The most famous song — "Kak mnogo devushek khoroshikh" (Such a lot of nice girls) — enjoyed international fame, covered as "Serdtse" (Heart) by Pyotr Leshchenko.
Yelena (Mariya Strelkova), a wealthy aspiring singer who cannot carry a tune, mistakes shepherd Kostya Potekhin (Leonid Utyosov) for the famous Paraguayian conductor Costa Fraschini.
Graham Greene, in his 26 September 1935 review for The Spectator, wrote that it "is the best thing that has happened to the cinema since René Clair made The Italian Straw Hat.
Alexandrov, who has been awarded a Soviet Order for his direction, has produced, just as Clair did then, out of the smallest resources and apparently with poor-quality film, a picture of almost ecstatic happiness.
I have no wish to criticise this film, but simply to rejoice in its wildness, its grotesqueness, its light, taking tunes, a sense of good living that owes nothing to champagne or women's clothes.

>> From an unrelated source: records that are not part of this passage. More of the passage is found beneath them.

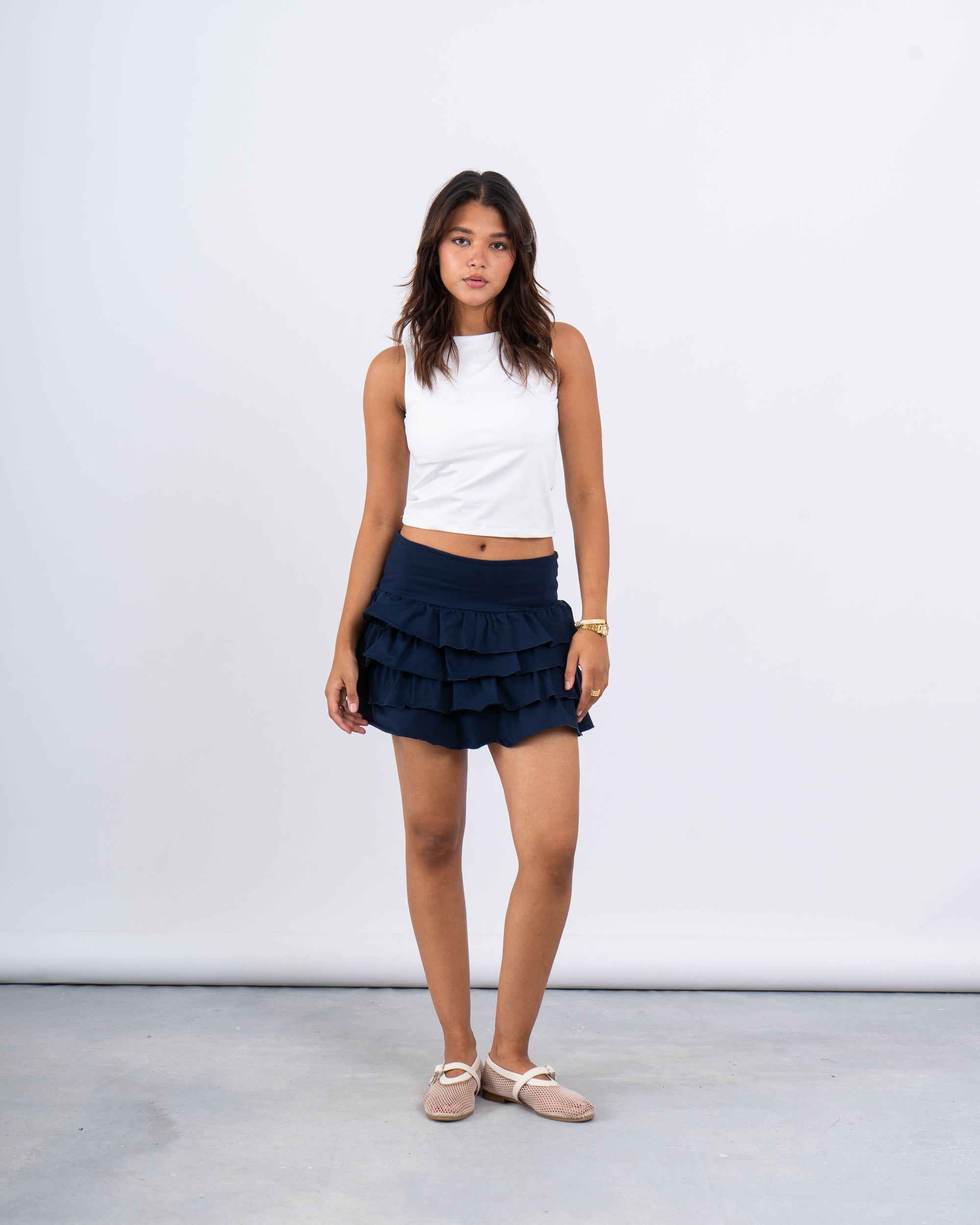 A fun and easy-going mini skirt with layered ruffles that bring movement and style to any outfit. Designed for everyday wear with a flattering fit and lightweight feel.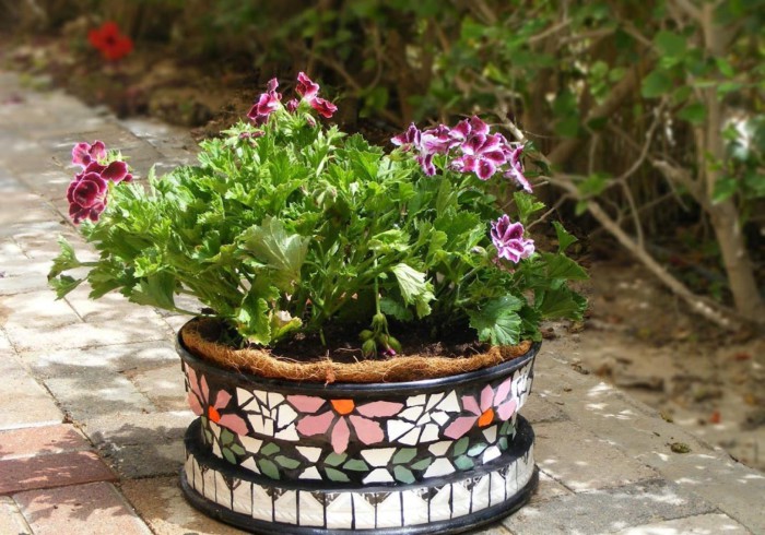 Цветы в горшке, декорированном плиткой, выглядят еще красивее.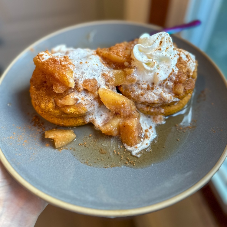 - Once pancakes are done, top with my Crockpot Cinnamon Apples , pancake syrup and some whipped cream.
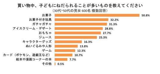 よくねだられるものは「お菓子」、ぐずられた時の切り札は「とにかく耐える」次いで「会話」と「お菓子」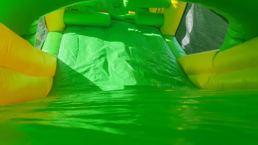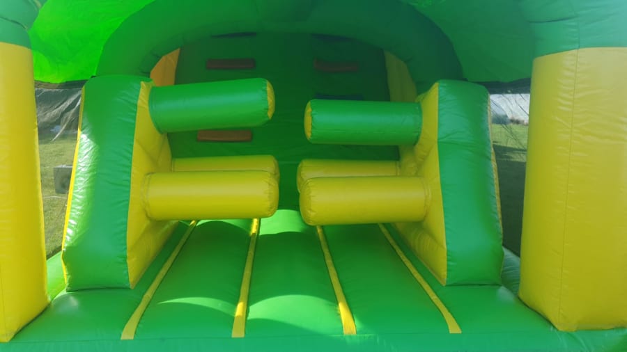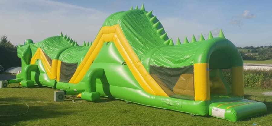 OUR 55 FT HIGH SLIDE OBSTACLE COURSE is one for those boys and girls that love a high slide and is suitable for both boys and girls. This would be one of our bigger obstacle courses and boasts at 55 ft long' You enter from the back with double sideways bish and bash and then to bouncy area before you have a large climbing wall and down the large slide into the body of this beast. Again your met with sideways bish and bash before you have another rock climbing wall and down another slide to come out the beast s mouth. Netting on sides for easy supervision and fully covered in case it rains.

"[3] Film critic Jean Ross — writing as Peter Porcupine[4] in her 1 October 1935 review for The Daily Worker — effusively praised the film: "The workers in the Soviet Union have introduced to the world an entirely new sort of humour... behind the comedy of Jazz Comedy is no dismal shadow of tragedy, but the electrifying strength and vitality and freedom of a victorious working class.